Снаружи было очень светло и холодно. Всё расплывалось перед глазами. Меня стали шлепать. Я заорал от обиды. Но все только обрадовались. Я орал пока меня мыли и заворачивали.
Потом меня унесли и положили на жесткий стол. Надо мной наклонилось какое-то расплывчатое чудовище. Это была мамина знакомая акушерка – тётя Надя. Она сказала противным голосом.
– Доходяга, а орет, как слон…
– Да-а… Бо-а—и… Бо-бо… и-и хо-о-лод- на-а… – попытался сказать я. Голос ещё плохо меня слушался.
Она ойкнула и наклонилась ещё ниже.
– Что?
– Ма-а.. где-е?..– спросил я.
Тетя Надя от меня шарахнулась и, судя по звуку, грохнулась на пол. Правда, быстро вскочила и убежала. Тут же привела кучу людей в белых халатах и стала вопить, что я говорящий. Я растерялся и молчал.
Все посмеялись и ушли. А тётя Надя сказала, что я – странный ребенок, и все со мной ещё наплачутся. Так я узнал, что не бывает говорящих младенцев, и мне лучше пока помалкивать. Вдруг мама тоже испугается.
С мамой вообще было хорошо. Тепло и спокойно. А такого вкусного молока, как у неё, я больше никогда и нигде не пил. Мы лежали с ней рядом в большой светлой комнате. Она пела мне песенки и так приятно гладила пальцем по щеке.
Я думал, мы всегда будем вместе. Но через пять дней нас выписали домой. Маме сказали, что в целом я здоров, хотя не добираю в весе, и меня надо показать окулисту.
К тому времени я уже научился немного фокусировать зрение и мастерски выкручиваться из пеленок, хотя руки и ноги ещё плохо слушались.
Мы приехали домой на такси. Нам помогала мамина подруга Кондрашова, потому что папа Валера работал дальнобойщиком и застрял на своей «фуре» где-то в Польше.
Я уже знал, что не один ребенок в семье. У меня две сестры и брат. Мама часто спрашивала по телефону: «Ну, как там мои обезьяны?..» Мне было интересно на них посмотреть.
Когда мама принесла меня домой, вокруг запрыгали и заорали три обезьяны. Старшей сестре Полине тогда было тринадцать, младшей Дашке – девять, а брату Юрику – шесть.
Мама положила меня на диван и ушла с Кондрашовой на кухню. Обезьяны вытаращились на меня, как на неудачную покупку.

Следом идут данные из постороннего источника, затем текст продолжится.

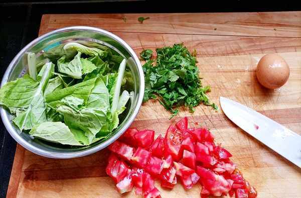 青菜適量洗幹凈備用,香菜切小段,番茄切小塊,大蒜二至三瓣切片備用。(大蒜沒有拍進照片裡)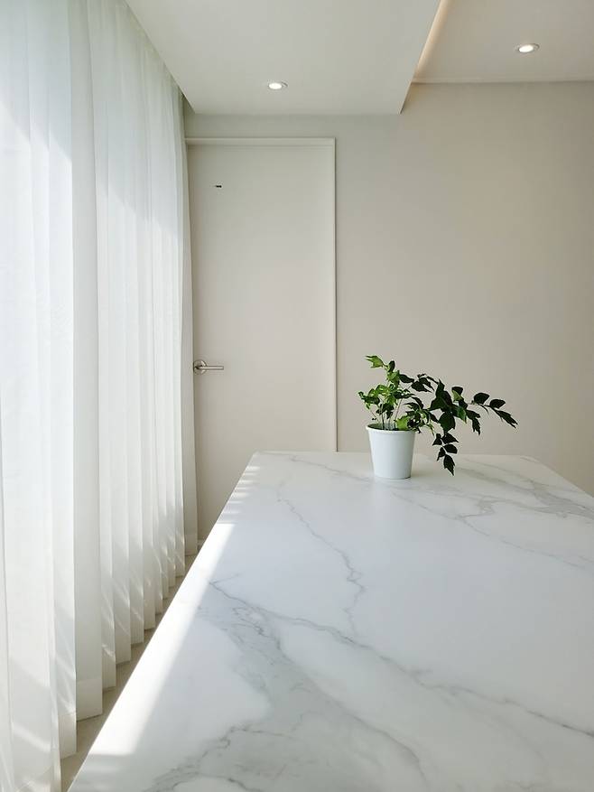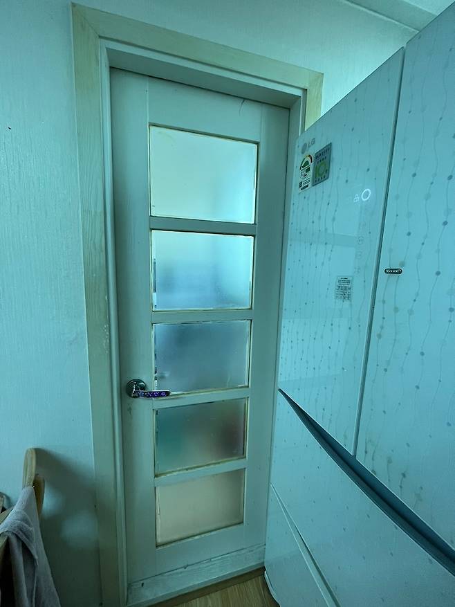 베란다로 나가는 문입니다! 터닝도어를 했으면 좋았겠지만.. 현실과 타협하여 목문으로 통일했어요. 겨울은 아직 안 겪어봐서.. 어떨지 모르겠지만 디자인은 대만족입니다. 문 색도 완전 화이트가 아닌 아이보리 한 방울 떨어린 색!! 필름 번호 참고하세요!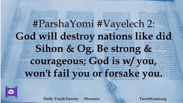 #ParshaYomi #Vayelech 2: God will destroy nations like did Sihon & Og. Be strong & courageous; God is w/ you, won’t fail you or forsake you.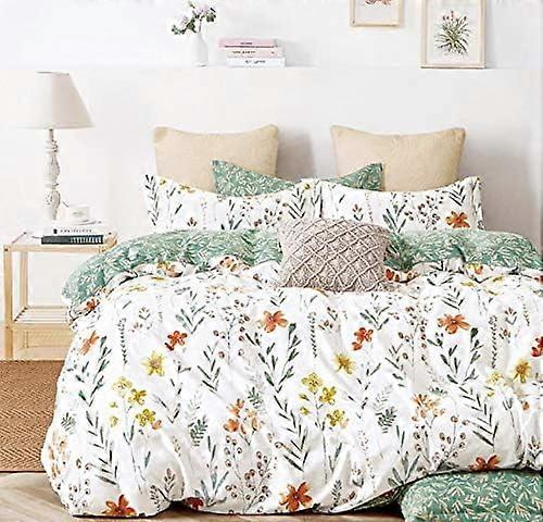 Duvet Cover Queen, 600 Thread Count Cotton 3pcs Bedding Set Yellow Flowers and Green Branches Printed on White Reversible Comforter Cover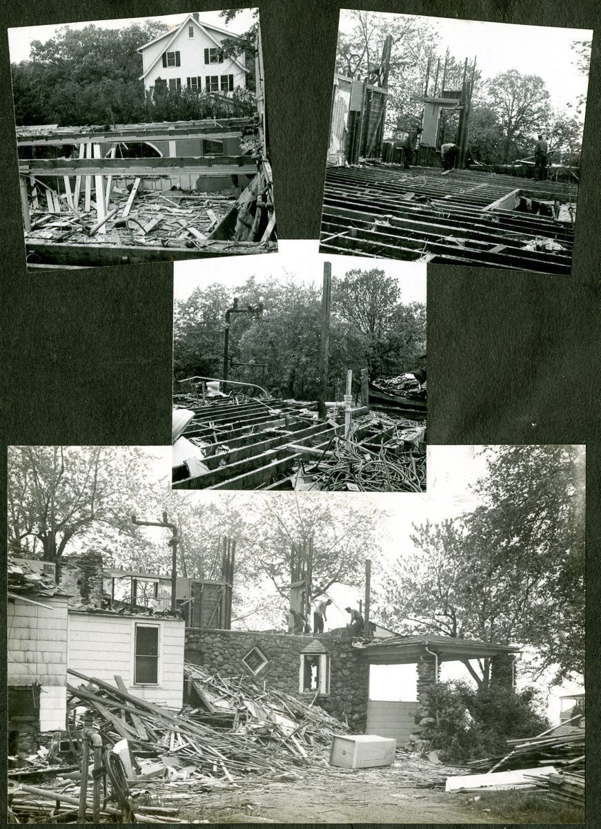 Pages from an album with images from brochures, personal photographs, and newspaper clippings to do with the Old Greenwich Inn, its demolition in 1956, and the later construction of houses on the site.Collection
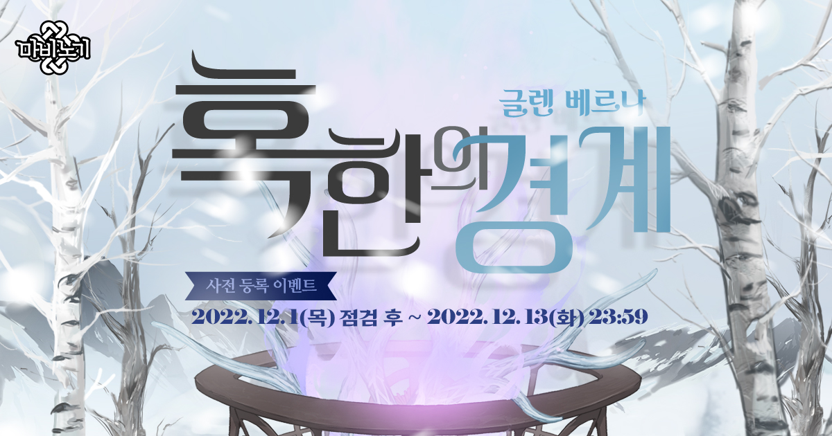 먼저 ‘마비노기’는 겨울 업데이트 ‘혹한의 경계-글렌 베르나’에 앞서 오는 13일까지 공식 홈페이지에서 사전등록 이벤트를 실시한다.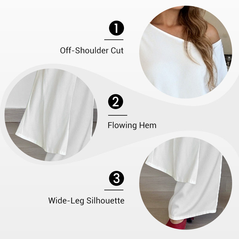 🌷Solid Color Off-Shoulder Top & Pants Set👗

У Полины тогда были разноцветные волосы и синие ногти. У Дашки – две косички с бантиками, у Юрика – волосы дыбом и синяк под глазом. Я уставился на Дашку, она мне показалась самой адекватной. Дашка усмехнулась.
– Чё зыришь? В штаны напузыришь!..
Все трое заржали. Полина разочарованно вздохнула.
– Лучше бы девочка…
Юрик презрительно сморщился.
– Правда, что ли, других не было?
– Сгоняй, поменяй… – предложила Дашка.
– Пусть мама поменяет. Этот такой урод…
– Придурок, младенцы все такие! Красные и сморщенные… – заявила Полина.
– Не-а. Я такой не был…
– Ага. Ты был ещё страшнее… – сказала Дашка.
– Не ври!.. – обиделся Юрик.
– Точно. Страшный и тошнотный… – подтвердила Полина.
Дашка заржала.
Юрик хотел зареветь, но вместо этого стукнул Дашку.
– Ты сама страхуила!..
– Что?!..
Даша с размаха шлепнула Юрика. Он хотел стукнуть её ногой, но Дашка увернулась и Юрик попал по коленке Полины. Полина ругнулась и дала по подзатыльнику обоим. И тут они все втроем стали бить друг друга.
Мама прибежала с кухни и прекратила драку.
– Вот всегда они так!.. Не скажешь, что родные. Хоть водой разливай… – пожаловалась Кондрашова.
Она здорово намучилась, потому что сидела с обезьянами пока мама была в роддоме. Все начали орать и жаловаться наперебой. Мама слушала, морщилась и кивала.
– Мы есть-то будем?.. – спросила наконец Кондрашова.
Все разом успокоились и ушли на кухню. Про меня, кажется, забыли.
Я лежал, смотрел в потолок и понимал, что жизнь моя легкой не будет.
Через два дня примчался папа Валера с ящиком пива и тремя хризантемами.
– Ну, где мужик? Где мой пацан? – радостно заорал он с порога.
Папа Валера был огромный как шкаф. В комнате запахло табаком и мотором. Лицо у него было квадратное, румяное и улыбающееся. Я тоже попытался изобразить улыбку.
Папа Валера уставился на меня и постепенно перестал улыбаться. Подошла мама, прижалась к нему.
– Лапочка, да? – с нежностью глядя на меня, спросила она.
– Да-а… – неопределенно сказал папа Валера. – А чего это у него один глаз на вас, другой на Арзамас?
– Выправится, – сказала мама, – маленький ещё…
– Ага, мелкий совсем… – вздохнул папа. – Задохлик…
– Представляешь, Надька сказала, он умеет говорить. Прям словами. Обалдеть, да? – затараторила мама. – Мы, конечно, поржали… Но мне кажется, он будет жутко умный. Этот, как его… вундер-киндер…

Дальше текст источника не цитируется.